▶ _PROMPT_
Only some lines are wanted: please transcribe exactly those from the one containing "Weiße Möbel in" through the end of the data, pictures excluded.

▶ _DATA UNDER STUDY_
◆ ◆ ◆ ◆

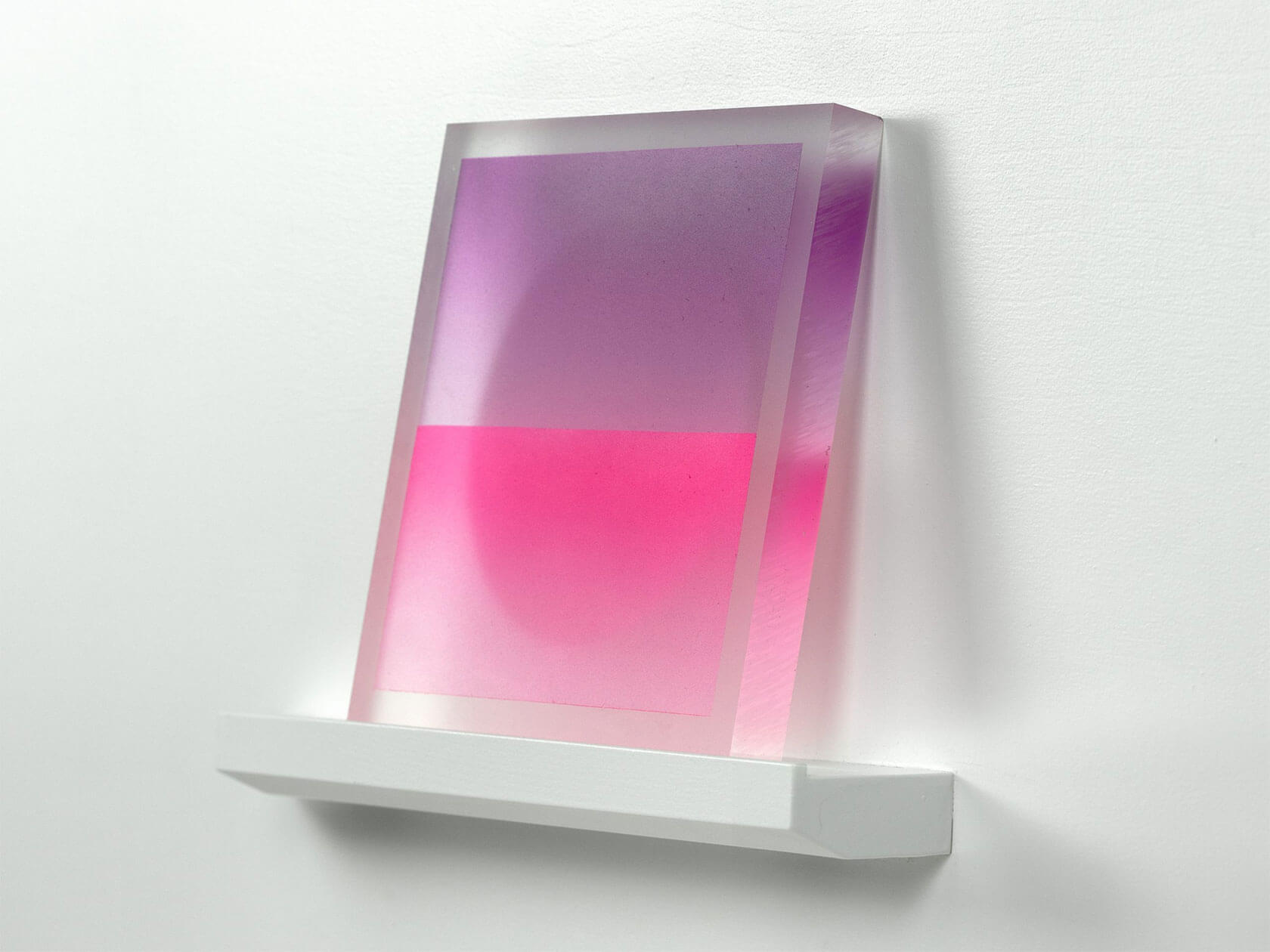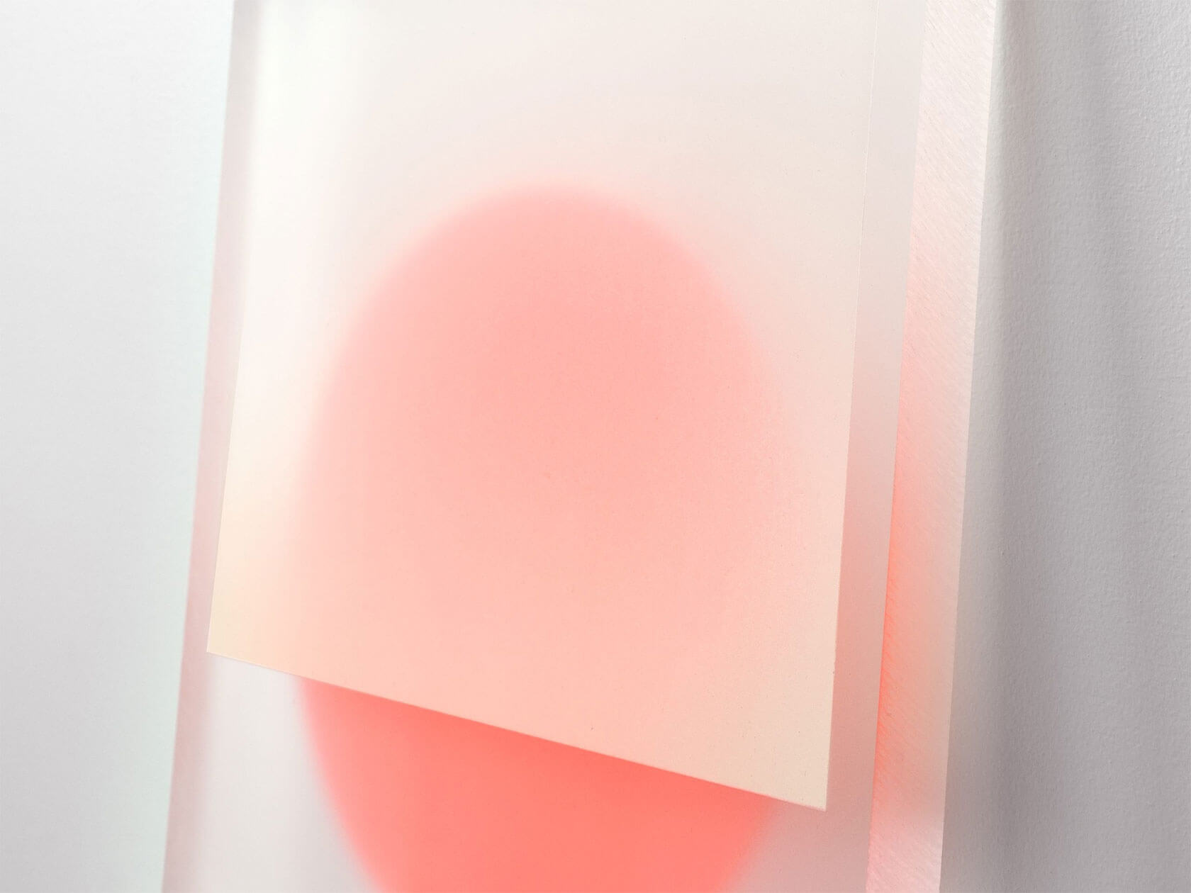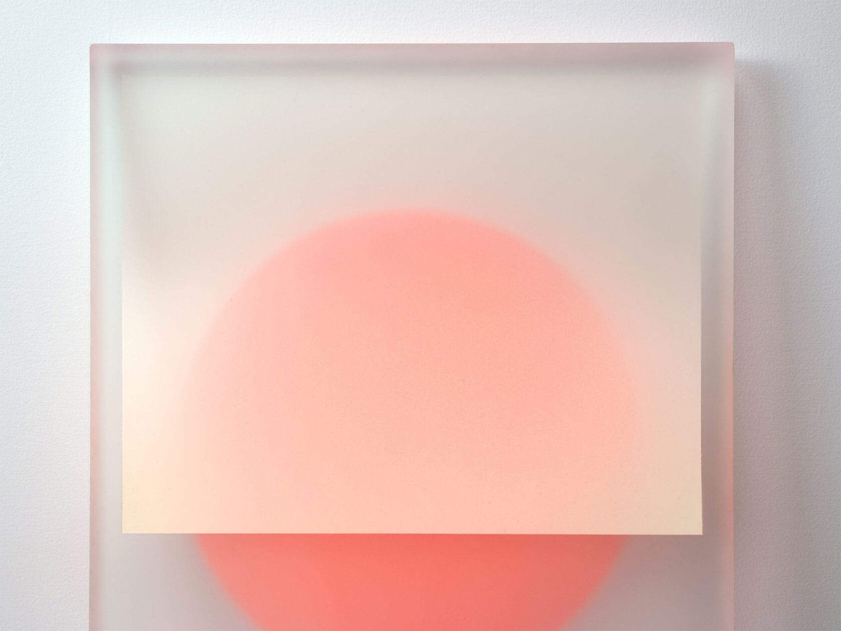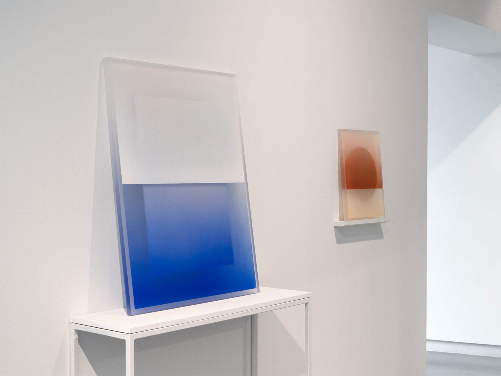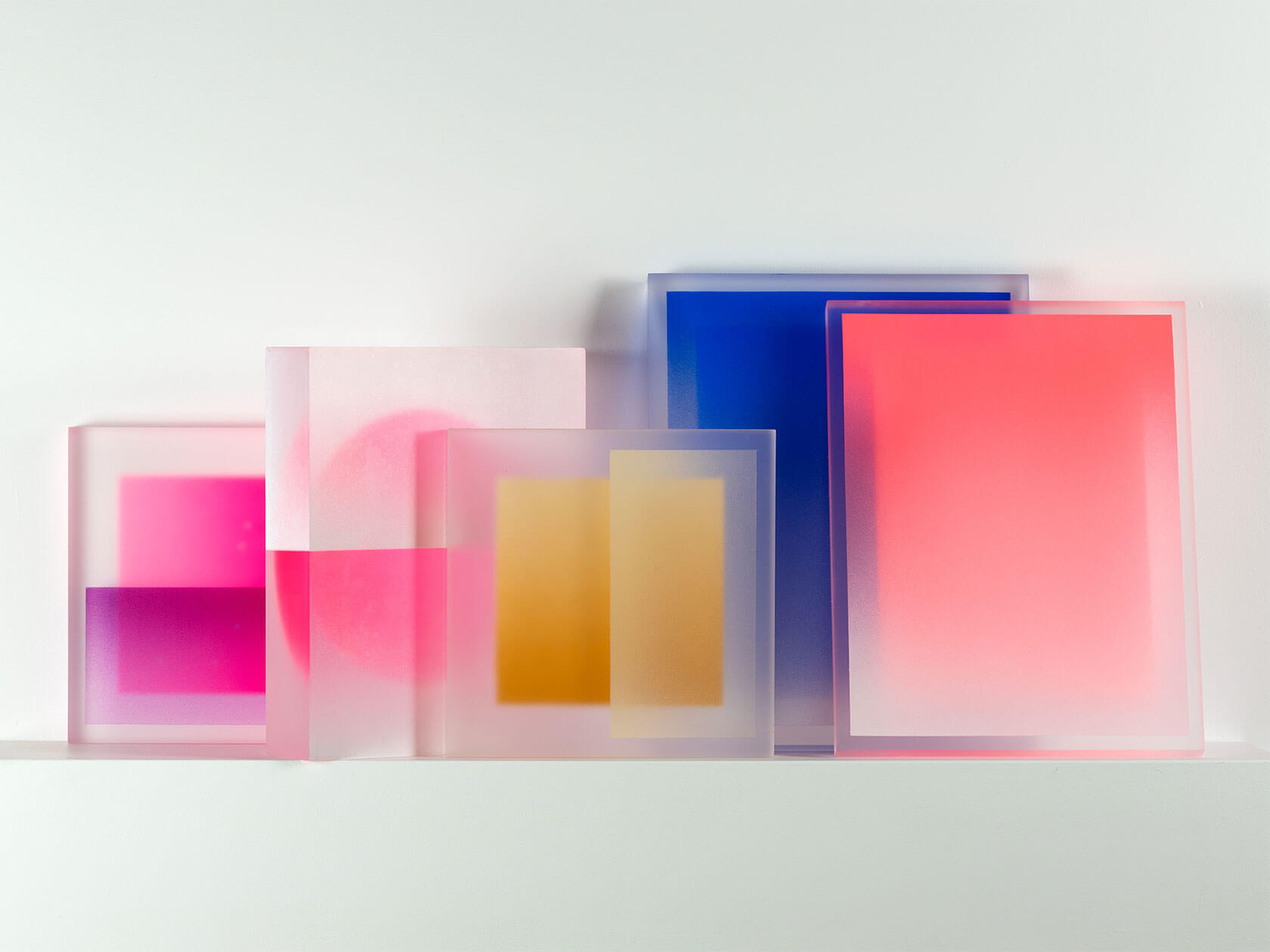 His signature pieces are made of layered acrylic panels infused with soft transitions of color that seem to glow from within. These ethereal works invite viewers to move around them, revealing shifting tones and subtle changes in perception as ambient light interacts with the textured surfaces.
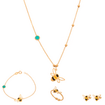 ضيفي لمسة أنيقة علي أطلالت أطفالك مع طقم النحل الملون، المكون من أربع قطع عقد، خاتم، أقراط وأسورة.
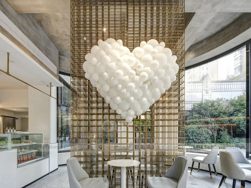 This coffee counter can be adjusted for front service, pickup, packaging, retail display, and back counter storage. It is suitable for new cafe builds, beverage shop renovations, and commercial kiosk projects that need a clear branded counter area.
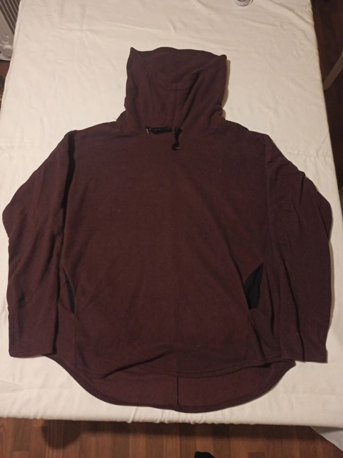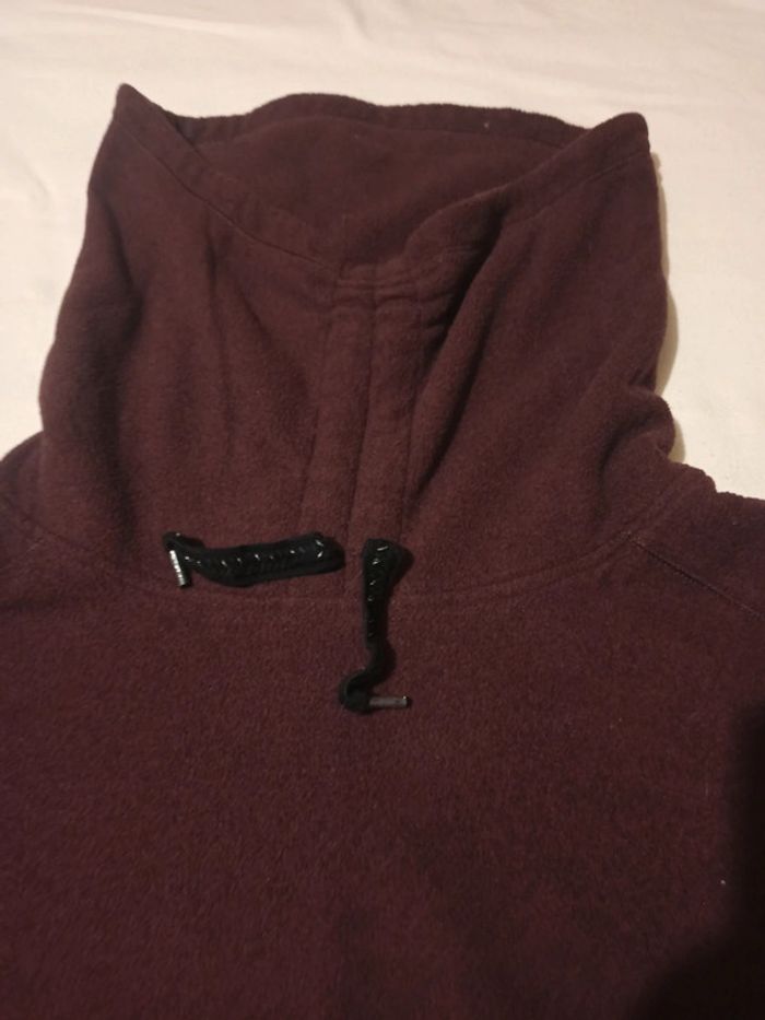 Pull polaire fin grand col réglable En bon état Je n'ai pas la taille donc je mets les mesures Épaule à épaule 74cm Hauteur 70cm Longueur manche 47cm
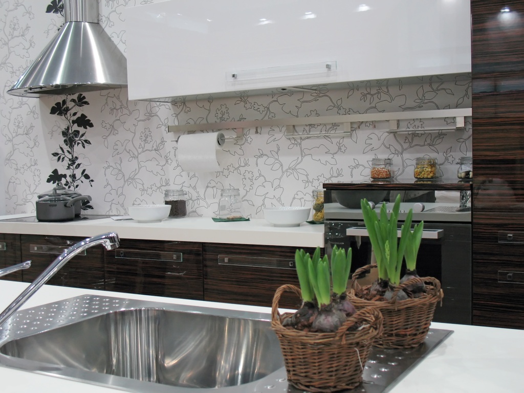 Weiße Möbel in der Küche sind ein moderner Trend. Es ist perfekt mit schneeweißen Möbeln mit kontrastierenden Wänden kombiniert. Zum Beispiel, Tapeten mit floralen Mustern sehen organisch aus und geben ein Gefühl von Komfort.
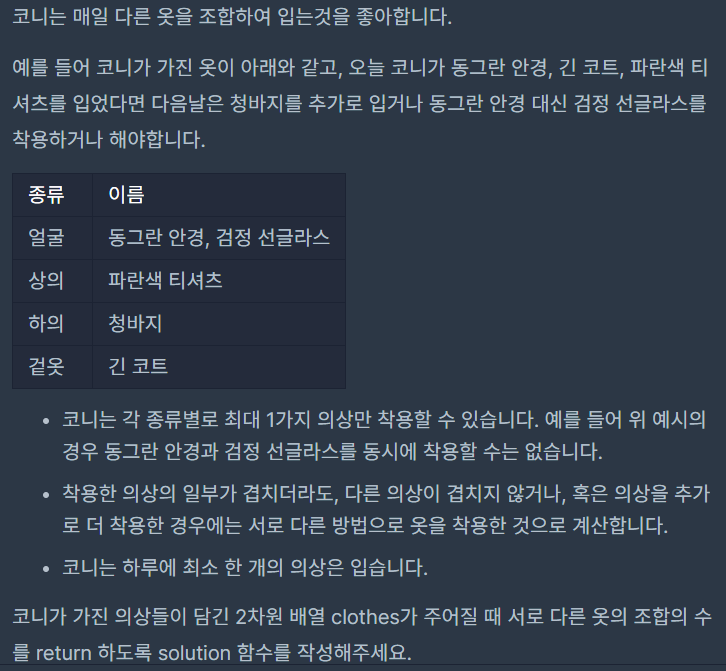 의상의 종류를 key로 하는 딕셔너리를 만드는 것이 첫번째 포인트이다.

◆ ◆ ◆ ◆

▶ _RESULT_
 Weiße Möbel in der Küche sind ein moderner Trend. Es ist perfekt mit schneeweißen Möbeln mit kontrastierenden Wänden kombiniert. Zum Beispiel, Tapeten mit floralen Mustern sehen organisch aus und geben ein Gefühl von Komfort.
 의상의 종류를 key로 하는 딕셔너리를 만드는 것이 첫번째 포인트이다.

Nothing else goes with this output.